In the dynamic field of natural language processing (NLP), fine-tuning large language models for specific tasks has become an essential endeavor for both researchers and practitioners. By leveraging high-quality datasets, the capabilities of these models can be honed to achieve remarkable performance in various applications. In this tutorial, we will focus on the successful fine-tuning of Llama2-7B, a powerful language model, using two distinct datasets: Alpaca and Alpaca Spanish.

The Alpaca dataset serves as a valuable resource for training language models to generate informative and coherent responses. By fine-tuning Llama2-7B on this dataset, we can enhance its ability to understand and process complex queries, making it more proficient in handling a wide range of NLP tasks.

Moreover, we will also explore the fine-tuning process using the Alpaca Spanish dataset. This dataset provides an opportunity to evaluate and improve Llama2-7B’s performance in a multilingual context, ensuring that the model can effectively process and generate responses in languages other than English.
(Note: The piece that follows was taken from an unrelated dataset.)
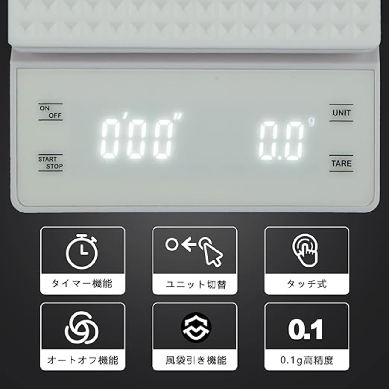 【単位切り替え】重量単位が自由に切り替えれます。UUNITキーを押すごとに表示重量単位のが切り替えます。g(グラム)、OZ(オンス)、ml(ミリリットル)3モードが付きます。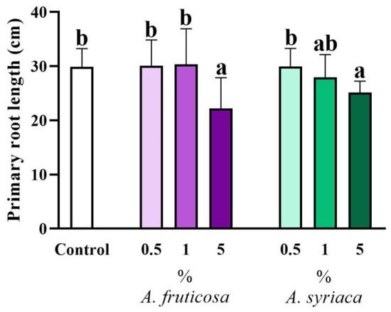 The 14-day cultivation in rhizotrons allowed for the investigation of the allelopathic effects on the root system and its non-invasive measurement (Figure S1). Among these measurements, we first observed the effect of allelopathy on the primary root length, as shown in Figure 5. Similar to the above-ground morphological features, no significant differences were found in the case of 0.5 and 1% applications of ground leaves of invasive species in terms of primary root length, compared to the control. However, a significant inhibition of primary root elongation was observed in the 5% treatments compared to both the control and the lower concentrations. The 5% treatment with false indigo-bush exerted a significant inhibitory effect on the primary root length compared to the control and the other treatments. The 5% treatment with milkweed significantly inhibited primary root growth compared to the control and the 0.5% treatment, while it did not significantly inhibit growth compared to the 1% treatment (Figure 5). While there were no significant differences between treatments of the two species at the same concentration, significant differences were observed among different concentrations. Significant differences were also observed between the 5% treatment of false indigo-bush and the 0.5% treatment of milkweed. Moreover, there were significant differences between the 5% treatment of milkweed and the 0.5% and 1% treatments of false indigo-bush as well (Figure 5).

Throughout this tutorial, we will delve into the intricacies of fine-tuning Llama-7B on both the Alpaca and Alpaca Spanish datasets. We will discuss the significance of these datasets in the context of NLP, the steps involved in the fine-tuning process, and the benefits of using Llama-7B for various applications. By the end of this article, readers should not only gain a comprehensive understanding of fine-tuning Llama2-7B but also appreciate the broader landscape of NLP and the importance of multilingual capabilities in language models.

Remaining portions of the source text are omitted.